### [AIM OF THE TASK]
Give the data again exactly as it appears, excluding any pictures.

Records drawn from a dataset
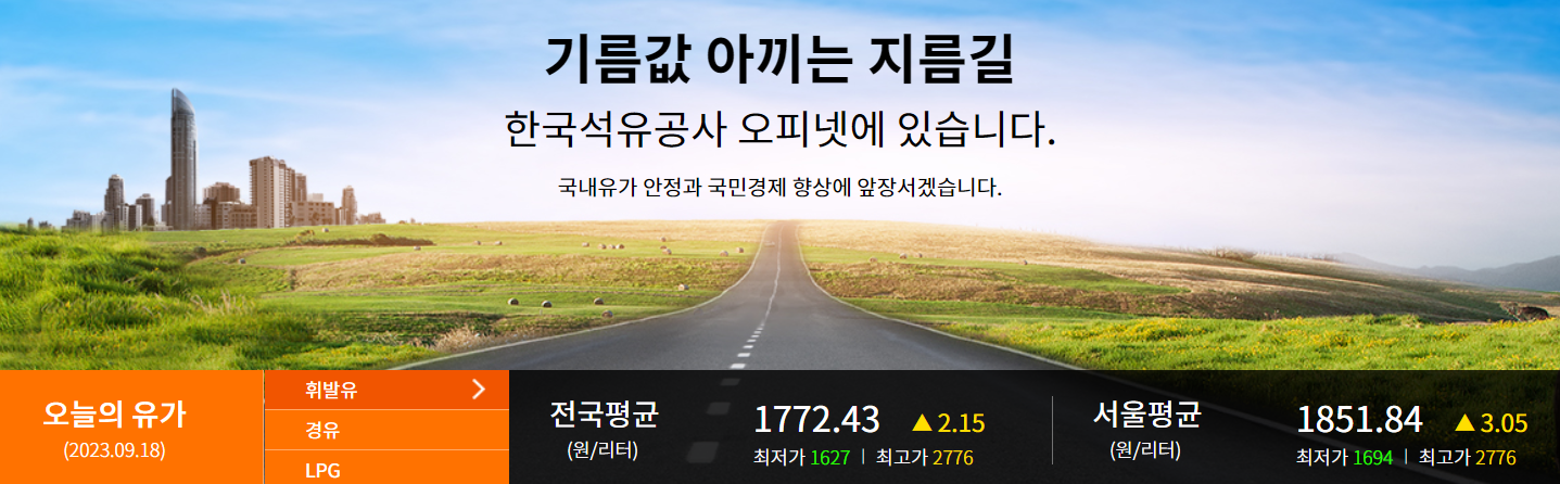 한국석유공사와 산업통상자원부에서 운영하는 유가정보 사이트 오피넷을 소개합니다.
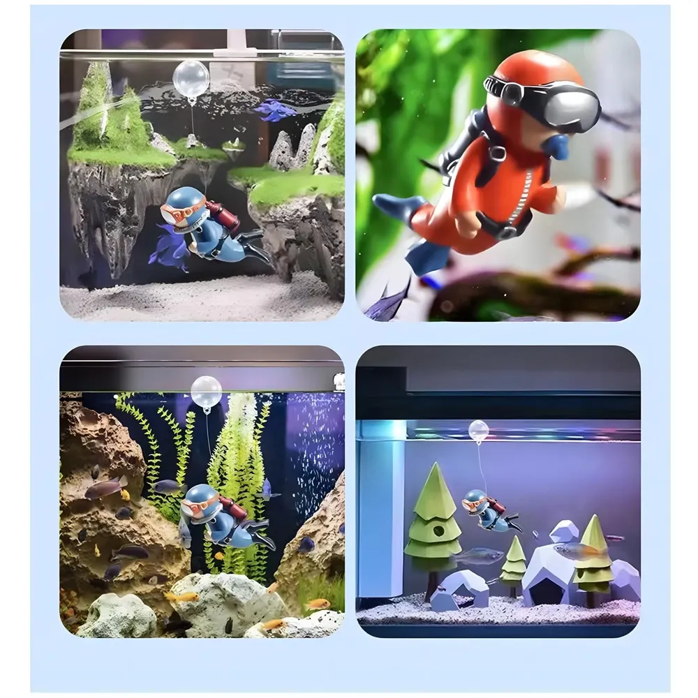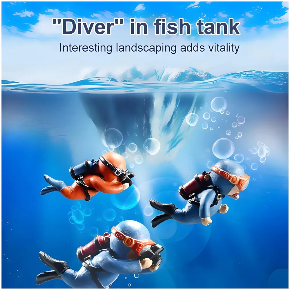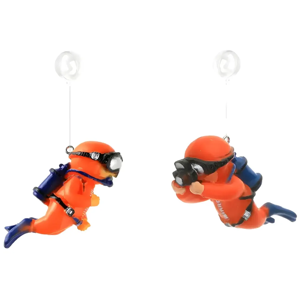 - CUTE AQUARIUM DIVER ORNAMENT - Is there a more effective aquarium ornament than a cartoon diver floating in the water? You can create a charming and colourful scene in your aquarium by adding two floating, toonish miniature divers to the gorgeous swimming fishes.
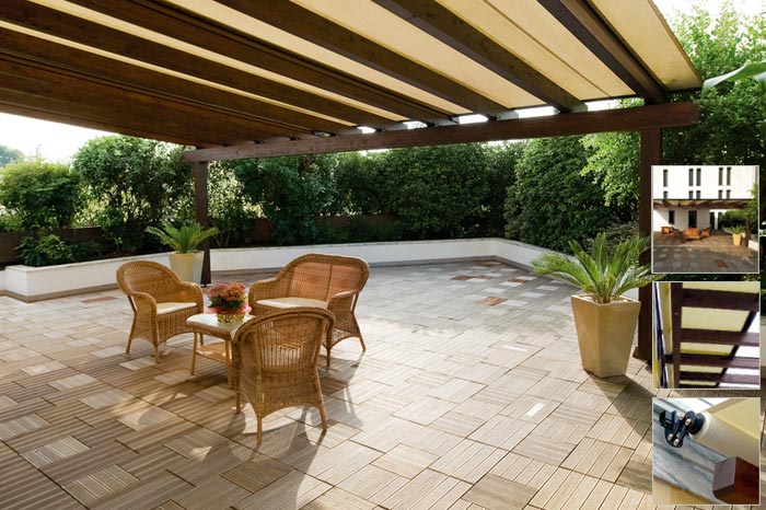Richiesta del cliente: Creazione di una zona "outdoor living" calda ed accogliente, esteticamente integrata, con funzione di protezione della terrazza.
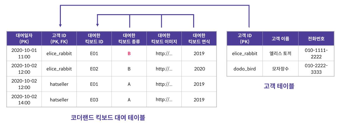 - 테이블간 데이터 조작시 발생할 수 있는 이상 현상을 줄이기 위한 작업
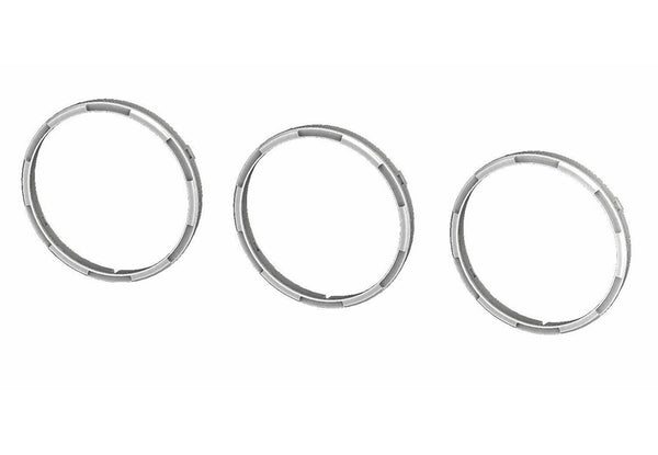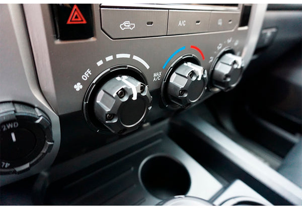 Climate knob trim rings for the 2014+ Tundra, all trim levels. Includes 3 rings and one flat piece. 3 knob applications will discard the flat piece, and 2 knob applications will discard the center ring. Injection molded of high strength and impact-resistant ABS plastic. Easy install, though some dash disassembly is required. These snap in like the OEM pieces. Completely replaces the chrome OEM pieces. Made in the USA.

### [ANSWER TO THIS EXERCISE]
 한국석유공사와 산업통상자원부에서 운영하는 유가정보 사이트 오피넷을 소개합니다.
 - CUTE AQUARIUM DIVER ORNAMENT - Is there a more effective aquarium ornament than a cartoon diver floating in the water? You can create a charming and colourful scene in your aquarium by adding two floating, toonish miniature divers to the gorgeous swimming fishes.
Richiesta del cliente: Creazione di una zona "outdoor living" calda ed accogliente, esteticamente integrata, con funzione di protezione della terrazza.
 - 테이블간 데이터 조작시 발생할 수 있는 이상 현상을 줄이기 위한 작업
 Climate knob trim rings for the 2014+ Tundra, all trim levels. Includes 3 rings and one flat piece. 3 knob applications will discard the flat piece, and 2 knob applications will discard the center ring. Injection molded of high strength and impact-resistant ABS plastic. Easy install, though some dash disassembly is required. These snap in like the OEM pieces. Completely replaces the chrome OEM pieces. Made in the USA.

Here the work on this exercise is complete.